- PROBLEM DESCRIPTION: Your reply should hold only the lines from the records below where "good" occurs.
══════════════════════════════
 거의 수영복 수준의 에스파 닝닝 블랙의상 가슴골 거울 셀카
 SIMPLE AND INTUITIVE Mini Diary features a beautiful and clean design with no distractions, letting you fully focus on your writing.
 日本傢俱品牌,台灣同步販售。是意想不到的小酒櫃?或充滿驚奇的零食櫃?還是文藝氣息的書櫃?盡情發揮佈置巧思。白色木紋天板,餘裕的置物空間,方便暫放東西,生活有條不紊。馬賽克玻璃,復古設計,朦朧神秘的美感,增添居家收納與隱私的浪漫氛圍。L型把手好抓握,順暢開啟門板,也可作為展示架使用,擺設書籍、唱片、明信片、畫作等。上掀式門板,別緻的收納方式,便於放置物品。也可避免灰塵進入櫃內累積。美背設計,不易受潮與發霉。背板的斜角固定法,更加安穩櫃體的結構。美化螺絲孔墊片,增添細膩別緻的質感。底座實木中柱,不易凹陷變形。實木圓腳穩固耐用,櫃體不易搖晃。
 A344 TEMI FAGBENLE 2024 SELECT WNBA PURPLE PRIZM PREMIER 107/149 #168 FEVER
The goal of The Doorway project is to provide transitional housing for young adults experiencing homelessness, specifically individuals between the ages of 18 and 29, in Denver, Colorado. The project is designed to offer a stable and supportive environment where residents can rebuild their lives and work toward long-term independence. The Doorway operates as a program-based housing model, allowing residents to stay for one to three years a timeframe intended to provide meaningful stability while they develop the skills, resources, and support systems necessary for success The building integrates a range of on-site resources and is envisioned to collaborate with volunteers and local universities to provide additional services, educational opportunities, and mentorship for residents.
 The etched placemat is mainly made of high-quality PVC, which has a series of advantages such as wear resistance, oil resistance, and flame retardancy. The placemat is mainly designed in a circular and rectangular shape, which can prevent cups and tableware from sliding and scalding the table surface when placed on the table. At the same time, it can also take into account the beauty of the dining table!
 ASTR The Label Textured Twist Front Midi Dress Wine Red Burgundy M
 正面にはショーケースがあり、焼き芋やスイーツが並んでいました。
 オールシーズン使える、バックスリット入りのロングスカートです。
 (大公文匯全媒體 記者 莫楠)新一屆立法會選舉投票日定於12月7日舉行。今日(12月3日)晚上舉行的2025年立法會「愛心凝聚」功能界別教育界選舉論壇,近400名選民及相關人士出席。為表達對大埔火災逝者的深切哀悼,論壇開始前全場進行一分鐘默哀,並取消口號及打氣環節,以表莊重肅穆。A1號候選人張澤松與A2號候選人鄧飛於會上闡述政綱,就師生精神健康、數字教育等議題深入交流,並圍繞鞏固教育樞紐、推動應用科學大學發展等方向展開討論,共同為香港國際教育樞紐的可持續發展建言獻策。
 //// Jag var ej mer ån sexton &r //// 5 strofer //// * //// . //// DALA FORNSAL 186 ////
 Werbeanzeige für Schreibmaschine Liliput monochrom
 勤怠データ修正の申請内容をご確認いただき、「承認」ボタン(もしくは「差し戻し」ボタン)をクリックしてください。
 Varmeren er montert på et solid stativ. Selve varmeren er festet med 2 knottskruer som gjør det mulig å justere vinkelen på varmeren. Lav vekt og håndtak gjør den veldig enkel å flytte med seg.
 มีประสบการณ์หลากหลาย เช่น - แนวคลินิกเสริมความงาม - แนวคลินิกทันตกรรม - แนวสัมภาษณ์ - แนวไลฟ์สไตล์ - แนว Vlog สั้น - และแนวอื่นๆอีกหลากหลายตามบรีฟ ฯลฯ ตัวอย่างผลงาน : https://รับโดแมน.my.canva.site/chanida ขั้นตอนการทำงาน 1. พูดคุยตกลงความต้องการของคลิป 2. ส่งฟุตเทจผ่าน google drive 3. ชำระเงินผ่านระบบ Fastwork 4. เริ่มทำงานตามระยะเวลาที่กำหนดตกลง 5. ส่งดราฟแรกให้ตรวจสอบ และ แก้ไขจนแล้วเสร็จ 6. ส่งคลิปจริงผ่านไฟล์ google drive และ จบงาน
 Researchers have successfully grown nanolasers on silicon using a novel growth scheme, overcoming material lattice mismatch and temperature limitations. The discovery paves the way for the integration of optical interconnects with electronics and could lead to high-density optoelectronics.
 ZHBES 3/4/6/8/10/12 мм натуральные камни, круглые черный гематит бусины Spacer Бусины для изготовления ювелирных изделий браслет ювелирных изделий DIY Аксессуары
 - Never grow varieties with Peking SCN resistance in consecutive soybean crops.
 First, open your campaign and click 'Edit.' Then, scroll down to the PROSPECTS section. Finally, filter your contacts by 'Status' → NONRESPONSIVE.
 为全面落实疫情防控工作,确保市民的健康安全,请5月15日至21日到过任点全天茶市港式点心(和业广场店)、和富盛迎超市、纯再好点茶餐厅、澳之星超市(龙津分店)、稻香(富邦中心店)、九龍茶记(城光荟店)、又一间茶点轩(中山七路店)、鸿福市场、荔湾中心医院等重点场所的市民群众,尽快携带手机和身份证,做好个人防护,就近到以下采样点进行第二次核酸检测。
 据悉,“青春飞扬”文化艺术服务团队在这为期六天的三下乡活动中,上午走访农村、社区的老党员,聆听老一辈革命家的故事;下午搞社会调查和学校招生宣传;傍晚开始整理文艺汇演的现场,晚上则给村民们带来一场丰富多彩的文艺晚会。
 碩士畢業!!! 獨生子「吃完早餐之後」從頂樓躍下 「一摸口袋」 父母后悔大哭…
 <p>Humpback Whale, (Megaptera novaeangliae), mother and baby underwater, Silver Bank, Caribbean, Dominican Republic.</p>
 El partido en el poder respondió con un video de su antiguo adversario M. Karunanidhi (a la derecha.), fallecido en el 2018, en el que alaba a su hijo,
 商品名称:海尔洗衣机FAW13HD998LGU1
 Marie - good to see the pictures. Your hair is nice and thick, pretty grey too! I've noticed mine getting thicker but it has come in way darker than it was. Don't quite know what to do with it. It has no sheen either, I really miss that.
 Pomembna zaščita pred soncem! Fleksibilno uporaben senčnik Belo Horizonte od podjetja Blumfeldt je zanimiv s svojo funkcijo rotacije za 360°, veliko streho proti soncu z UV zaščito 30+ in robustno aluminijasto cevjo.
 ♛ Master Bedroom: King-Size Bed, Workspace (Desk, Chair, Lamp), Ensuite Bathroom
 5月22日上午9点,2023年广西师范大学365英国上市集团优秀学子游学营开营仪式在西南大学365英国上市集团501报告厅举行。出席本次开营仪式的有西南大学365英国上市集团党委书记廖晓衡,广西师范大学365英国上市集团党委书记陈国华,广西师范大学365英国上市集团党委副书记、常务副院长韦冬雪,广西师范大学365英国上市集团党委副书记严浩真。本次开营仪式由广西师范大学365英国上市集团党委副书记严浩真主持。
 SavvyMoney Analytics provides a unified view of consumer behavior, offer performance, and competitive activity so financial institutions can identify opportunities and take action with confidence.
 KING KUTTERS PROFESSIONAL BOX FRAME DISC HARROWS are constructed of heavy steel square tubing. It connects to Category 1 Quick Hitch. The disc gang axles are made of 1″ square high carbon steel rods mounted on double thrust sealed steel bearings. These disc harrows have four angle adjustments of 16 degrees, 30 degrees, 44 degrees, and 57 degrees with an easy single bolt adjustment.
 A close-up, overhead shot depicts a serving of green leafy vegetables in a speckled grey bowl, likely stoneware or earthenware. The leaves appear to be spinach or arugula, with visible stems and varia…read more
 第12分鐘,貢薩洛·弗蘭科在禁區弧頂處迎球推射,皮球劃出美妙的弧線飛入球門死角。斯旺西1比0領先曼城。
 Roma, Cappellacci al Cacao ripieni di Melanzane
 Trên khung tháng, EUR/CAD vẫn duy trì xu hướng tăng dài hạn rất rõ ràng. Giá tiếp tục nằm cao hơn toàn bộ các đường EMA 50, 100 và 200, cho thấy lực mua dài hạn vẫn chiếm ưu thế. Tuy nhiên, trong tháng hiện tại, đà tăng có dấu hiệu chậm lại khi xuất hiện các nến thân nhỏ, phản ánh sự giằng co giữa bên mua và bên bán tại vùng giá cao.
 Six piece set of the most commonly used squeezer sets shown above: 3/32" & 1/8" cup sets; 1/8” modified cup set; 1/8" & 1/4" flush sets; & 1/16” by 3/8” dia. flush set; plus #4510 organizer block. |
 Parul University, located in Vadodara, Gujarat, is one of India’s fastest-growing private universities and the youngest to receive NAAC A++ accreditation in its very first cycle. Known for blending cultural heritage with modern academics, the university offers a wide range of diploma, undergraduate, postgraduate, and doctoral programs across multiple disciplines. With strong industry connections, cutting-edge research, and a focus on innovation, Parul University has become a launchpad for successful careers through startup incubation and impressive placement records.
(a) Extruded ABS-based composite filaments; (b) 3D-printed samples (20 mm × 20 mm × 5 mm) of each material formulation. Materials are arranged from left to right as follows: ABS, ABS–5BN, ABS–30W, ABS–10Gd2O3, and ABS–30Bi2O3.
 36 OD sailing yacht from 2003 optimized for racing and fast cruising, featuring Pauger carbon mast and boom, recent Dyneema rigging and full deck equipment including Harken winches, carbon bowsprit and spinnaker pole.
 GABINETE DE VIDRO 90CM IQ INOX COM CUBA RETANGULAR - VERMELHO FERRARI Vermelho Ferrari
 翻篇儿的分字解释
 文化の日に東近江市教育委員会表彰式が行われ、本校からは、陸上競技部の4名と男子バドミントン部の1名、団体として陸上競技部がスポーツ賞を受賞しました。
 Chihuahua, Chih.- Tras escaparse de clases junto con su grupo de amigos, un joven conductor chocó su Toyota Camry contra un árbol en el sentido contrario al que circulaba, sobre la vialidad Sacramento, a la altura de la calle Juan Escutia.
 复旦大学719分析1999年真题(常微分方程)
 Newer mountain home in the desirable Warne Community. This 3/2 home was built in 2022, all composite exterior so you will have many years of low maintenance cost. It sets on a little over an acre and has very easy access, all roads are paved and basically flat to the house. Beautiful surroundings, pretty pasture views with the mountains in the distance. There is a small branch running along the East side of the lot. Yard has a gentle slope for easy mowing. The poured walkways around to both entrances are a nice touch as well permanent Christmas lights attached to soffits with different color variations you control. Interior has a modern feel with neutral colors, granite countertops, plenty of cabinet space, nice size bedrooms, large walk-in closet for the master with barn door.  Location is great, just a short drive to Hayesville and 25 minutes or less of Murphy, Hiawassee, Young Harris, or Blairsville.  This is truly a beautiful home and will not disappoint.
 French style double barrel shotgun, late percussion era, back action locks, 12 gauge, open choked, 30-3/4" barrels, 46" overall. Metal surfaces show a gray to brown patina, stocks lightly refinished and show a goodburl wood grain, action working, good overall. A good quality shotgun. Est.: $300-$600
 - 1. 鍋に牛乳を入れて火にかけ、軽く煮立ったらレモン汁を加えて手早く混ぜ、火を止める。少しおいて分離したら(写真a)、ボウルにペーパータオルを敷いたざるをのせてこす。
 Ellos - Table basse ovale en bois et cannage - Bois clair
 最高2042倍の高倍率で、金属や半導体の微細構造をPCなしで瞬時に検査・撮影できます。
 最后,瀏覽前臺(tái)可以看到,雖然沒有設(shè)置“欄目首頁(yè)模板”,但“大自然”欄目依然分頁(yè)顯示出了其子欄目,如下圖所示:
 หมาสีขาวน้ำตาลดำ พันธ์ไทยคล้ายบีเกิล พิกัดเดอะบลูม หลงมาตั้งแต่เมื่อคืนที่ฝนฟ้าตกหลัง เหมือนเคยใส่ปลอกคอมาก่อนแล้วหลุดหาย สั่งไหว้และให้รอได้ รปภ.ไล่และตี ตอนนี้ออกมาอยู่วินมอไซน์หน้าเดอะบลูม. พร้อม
══════════════════════════════
- WORKED SOLUTION:
 Marie - good to see the pictures. Your hair is nice and thick, pretty grey too! I've noticed mine getting thicker but it has come in way darker than it was. Don't quite know what to do with it. It has no sheen either, I really miss that.
 French style double barrel shotgun, late percussion era, back action locks, 12 gauge, open choked, 30-3/4" barrels, 46" overall. Metal surfaces show a gray to brown patina, stocks lightly refinished and show a goodburl wood grain, action working, good overall. A good quality shotgun. Est.: $300-$600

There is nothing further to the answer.